Comparison of XRF and ICP Techniques for Geochemical Characterization of a Celestite Deposit

The digital transformation and the transition towards low-carbon energy systems have intensified global demand for mineral resources, particularly those classified as Critical Raw Materials (CRM) by the European Union (EU). In this context, strontium (Sr), included in the EU CRM list since 2020, has gained strategic relevance during the last years. Spain plays a key role in the European strontium supply chain, with the Montevive celestite deposit (Granada, southern Spain) representing the largest strontium reserve in the EU. However, the progressive exploitation of lower-grade ores and the potential presence of hazardous trace elements raise concerns regarding both resource efficiency and occupational health.

This study, developed within the framework of the ROTATE project, aims to characterize the elemental composition of the Montevive celestite deposit, evaluate the presence of CRMs and rare earth elements (REEs), and assess the potential health risks to mine workers.
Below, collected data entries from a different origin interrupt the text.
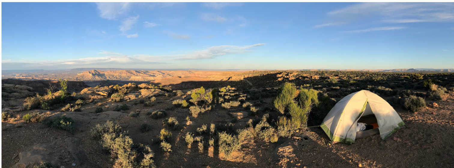
Campsite on Kaiparowits Plateau in Grand Staircase Escalante National Monument (GSENM) in southern Utah, April 2019.
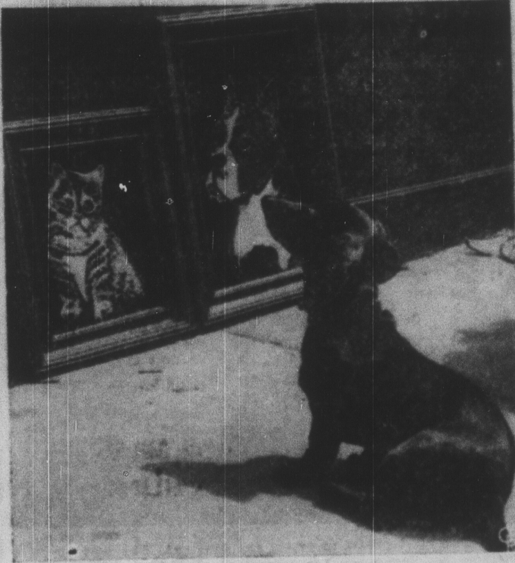
A FIVE-MONTHS-OLD DACHSHUND, "Sand," who is built pretty close to the ground, pauses during a stroll through Washington Square, New York City, to look at two exhibits in the outdoor art show.
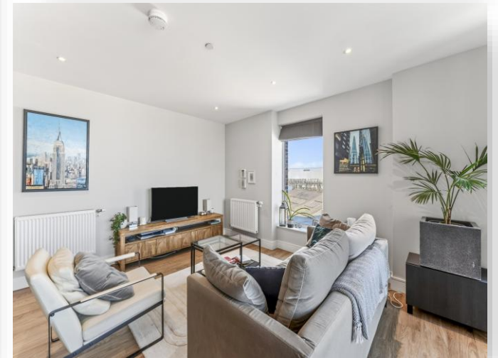
Bushane Court, Greyhound Parade, London SW17 0SJ
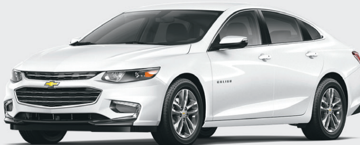
LIZ MODEL SHOWN
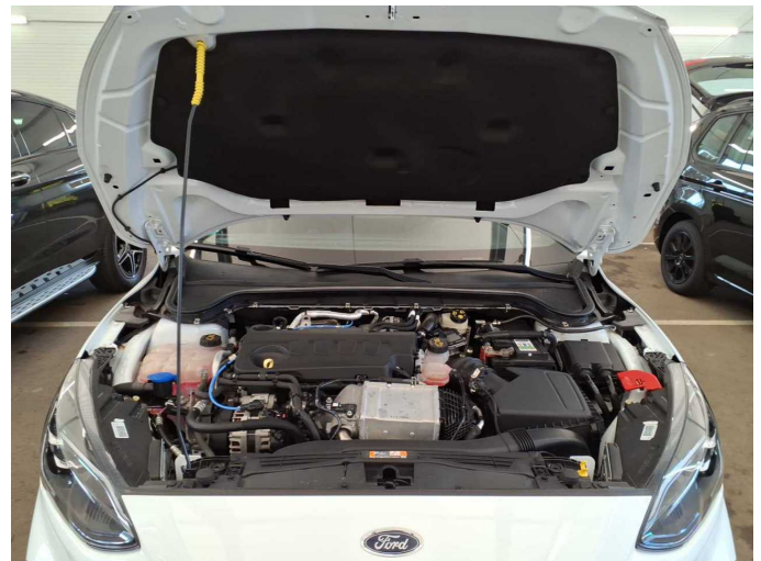
Figure 22: Misc.
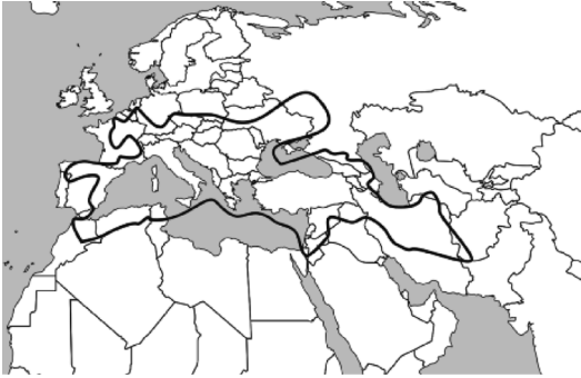
Fig. 1. Total distribution area of the genus Dichoropetalum .

primariis 4–6 (non 2–3), caulibus erectis, foliis 5–6 (non ascendentibus, foliis 2–3), foliis caulinis superioribus longis, parenchymis mesocarpium lignescentibus, vittis commissuralibus evolutis (non nullis) distinguitur.
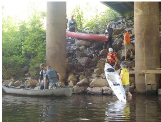
Figure 8: Getting the boats in the water at the start
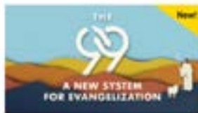
The 99: A New System for Evangelization
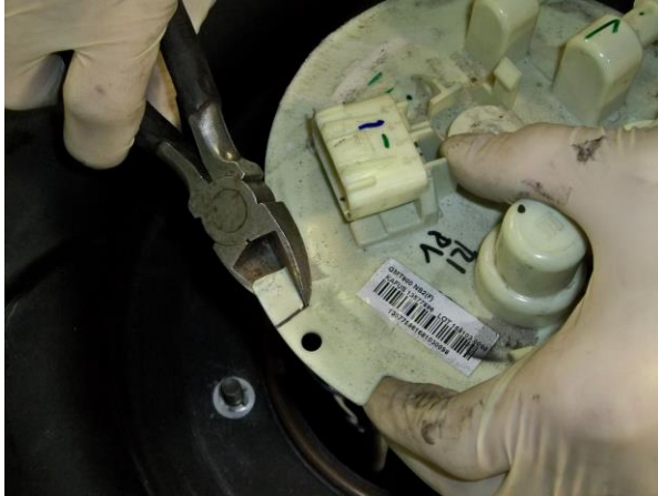
(Fig. 5) If sending unit connections interfere with the mounting studs, trim ½” off the side of the tab nearest the electrical connector.
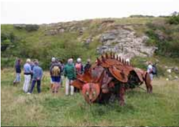
Rocket Quarry, Portesham. RIGS Site

A total of 22 soil samples were collected from five distinct mining areas (CDS, FDM, PIS, LAN, and D) and analyzed using X-ray fluorescence (XRF) and inductively coupled plasma techniques (ICP-MS/ICP-OES). Method validation was evaluated through certified reference materials and duplicate sample analyses.

Accuracy assessment demonstrated that ICP techniques significantly outperformed XRF, allowing reliable quantification of 34 elements contained in the certified reference materials, compared to only 20 elements detected by XRF. Precision assessment based on duplicate ICP analyses showed high analytical precision, with coefficients of variation below 5 % for 40 analytes, which exhibited concentrations above the quantification limit.

The average mineralogical composition was dominated by celestine, calcite, quartz and magnesite. Spatial variability within the deposit was evaluated using statistical analyses (Tukey’s HSD tests), revealing marked compositional differences in the LAN area relative to the remaining zones, with strong negative correlations between silicate phases (SiO₂ and Al₂O₃) and sulphate minerals (SrSO₄ and BaSO₄). Similarly, LAN sector exhibited higher total rare earth element concentrations than the other areas, dominated by Ce, La, Nd and Y, indicating a potential secondary CRM resource.

Finally, a quantitative occupational health risk assessment was conducted considering inhalation of airborne particulate matter as the sole relevant exposure pathway, under a conservative worst-case scenario assuming the absence of personal protective equipment. For this exposure route, both non-carcinogenic and carcinogenic risks remained well below accepted regulatory thresholds for all evaluated elements considered individually, as well as for the aggregated risk (Hazard Quotient < 1; Carcinogenic Risk < 10^-5). Considering the dust control measures and personal protective equipment currently implemented at the site, occupational exposure levels and associated health risks for workers are expected to be negligible.

Overall, this study provides an integrated assessment of resource potential, analytical reliability, and occupational health risks in a strategic European strontium deposit, supporting informed decision-making for sustainable mining and critical raw material supply in the EU.